[[ Input, beginning ]]

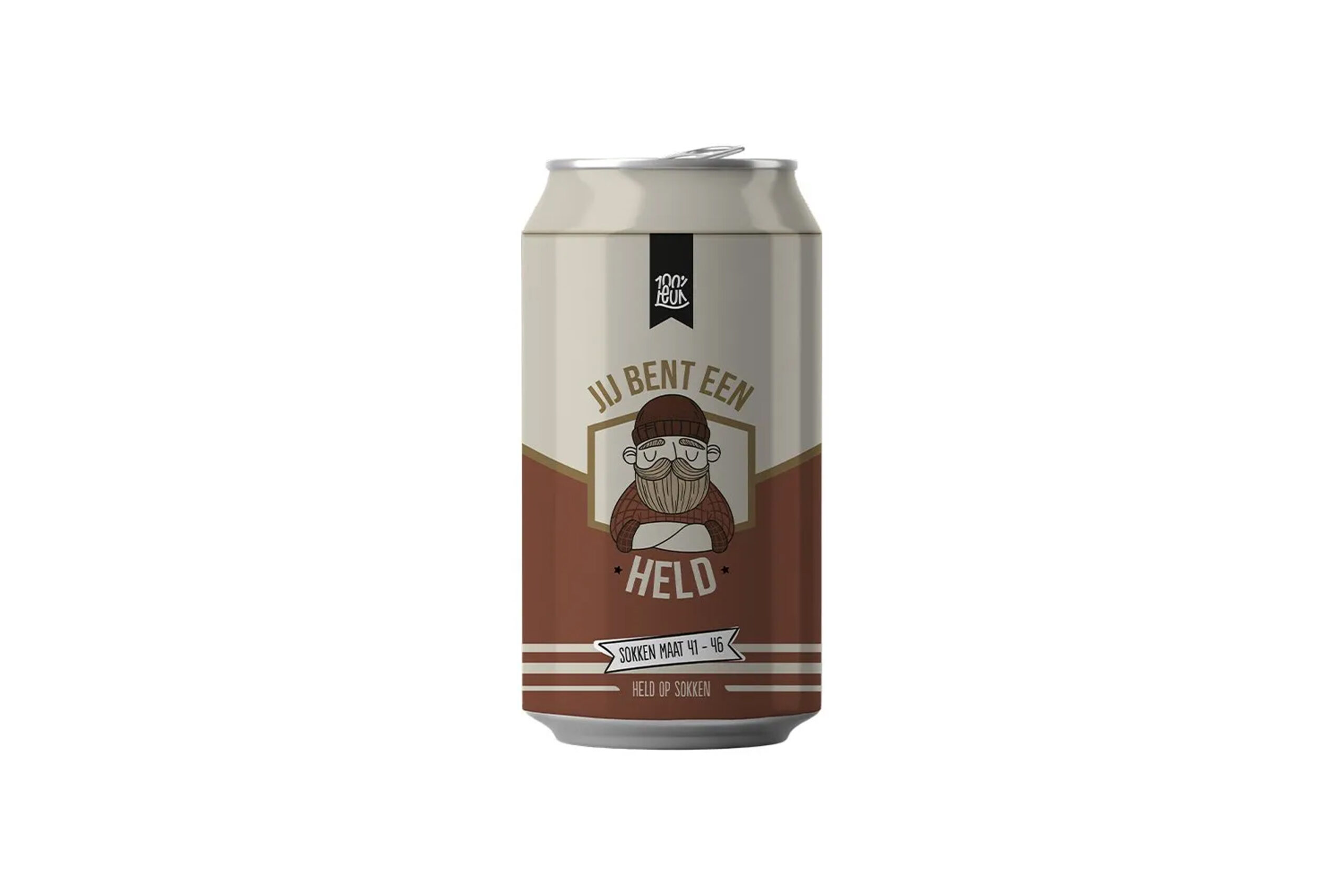 Maar dan wel in een 100%LEUKe verpakking, namelijk in een bierblikje!
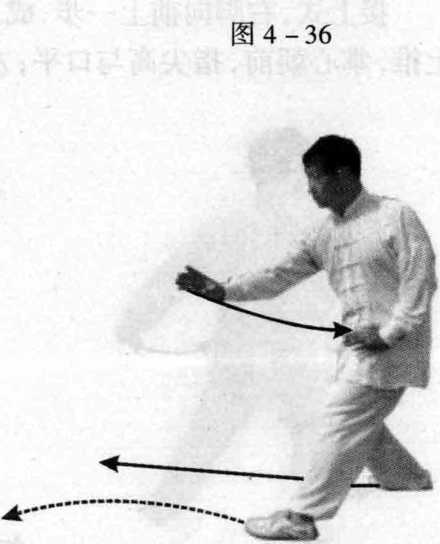 退一步;同时,右掌内旋 向前下劈,掌心朝下高 与小腹平;左掌内旋落 至小腹前,掌心朝下,眼 视前方(图4-37)。
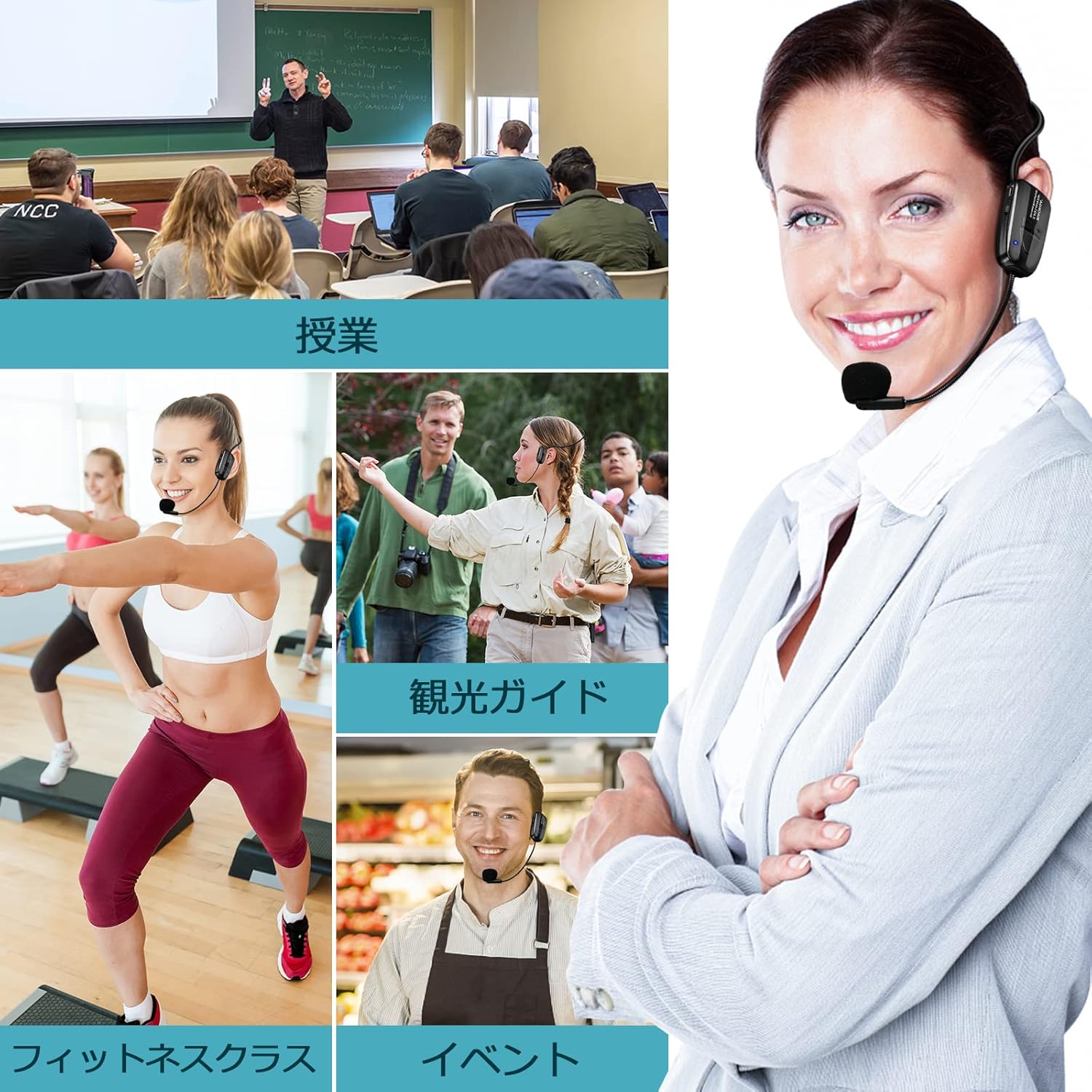 Image: The XIAOKOA 2.4G Wireless Headset Microphone being used in various scenarios including teaching, fitness classes, tour guiding, and events, demonstrating its versatility and hands-free design.
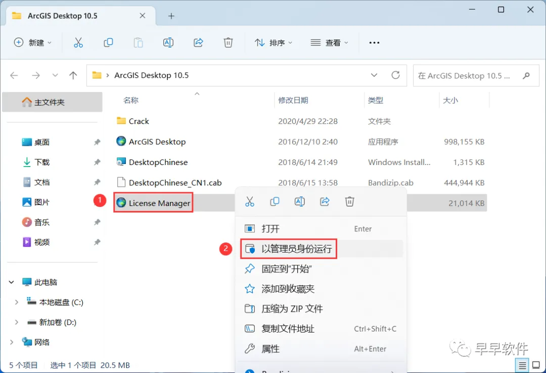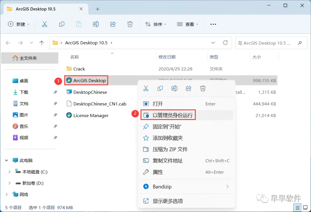 14、回到ArcGIS Desktop 10.5文件夹,找到【ArcGIS Desktop】应用程序,右键选择【以管理员身份运行】它
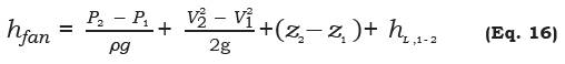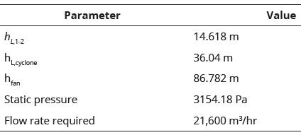 where, P - absolute pressure (Pa), V - velocity (m/s), z - elevation (m), h L ,1-2 - head loss (m). The h L ,1-2 can also be described as h L , 1-2 = h dryer + h cyclone . Table 22 below contains the parameters, equations, and assumptions made to solve for the required fan head.
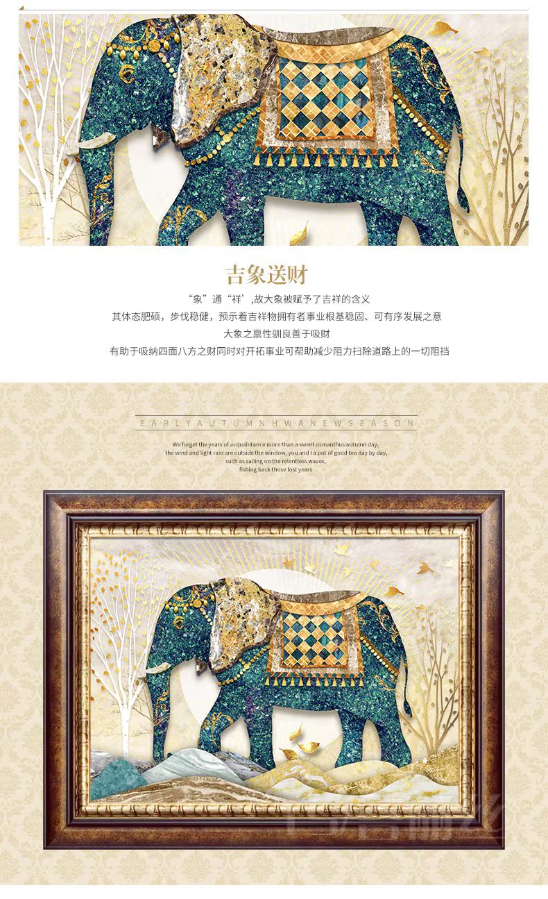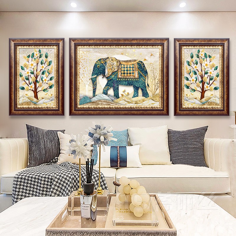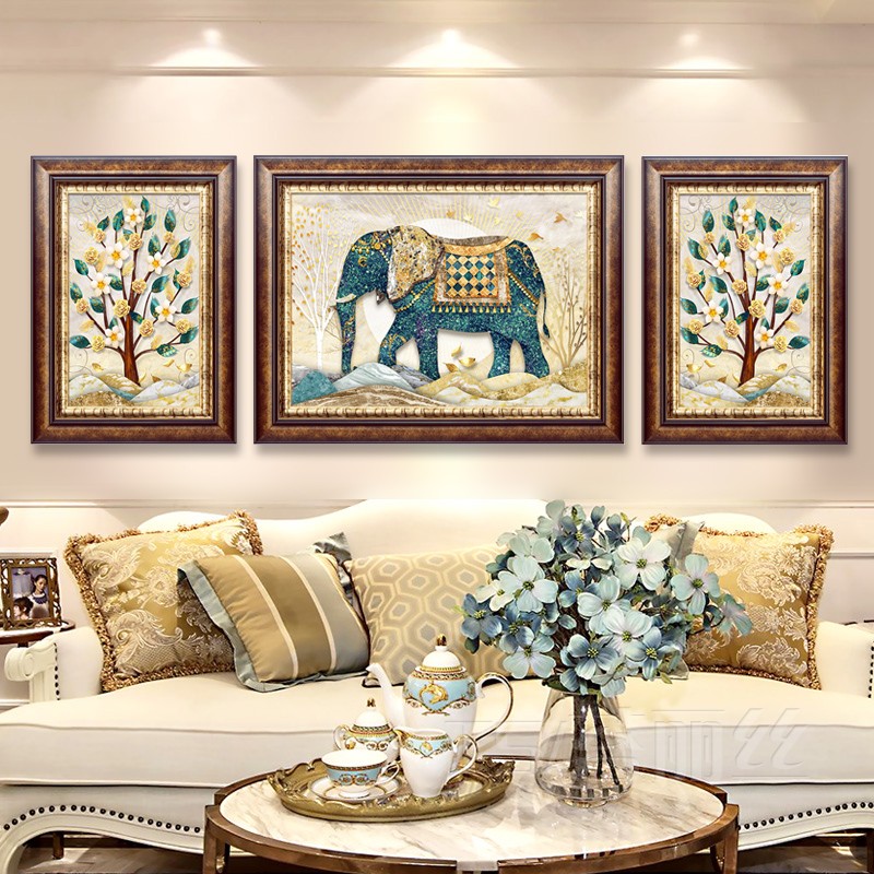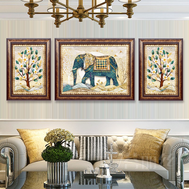 歐式客廳吉祥大象十字繡2019新款繡三聯畫滿繡精準印花滿繡棉線1入

[[ Input, end ]]

## Assigned task:
Output every entry verbatim. Pictures do not belong in the copy.

## Result:
 Maar dan wel in een 100%LEUKe verpakking, namelijk in een bierblikje!
 退一步;同时,右掌内旋 向前下劈,掌心朝下高 与小腹平;左掌内旋落 至小腹前,掌心朝下,眼 视前方(图4-37)。
 Image: The XIAOKOA 2.4G Wireless Headset Microphone being used in various scenarios including teaching, fitness classes, tour guiding, and events, demonstrating its versatility and hands-free design.
 14、回到ArcGIS Desktop 10.5文件夹,找到【ArcGIS Desktop】应用程序,右键选择【以管理员身份运行】它
 where, P - absolute pressure (Pa), V - velocity (m/s), z - elevation (m), h L ,1-2 - head loss (m). The h L ,1-2 can also be described as h L , 1-2 = h dryer + h cyclone . Table 22 below contains the parameters, equations, and assumptions made to solve for the required fan head.
 歐式客廳吉祥大象十字繡2019新款繡三聯畫滿繡精準印花滿繡棉線1入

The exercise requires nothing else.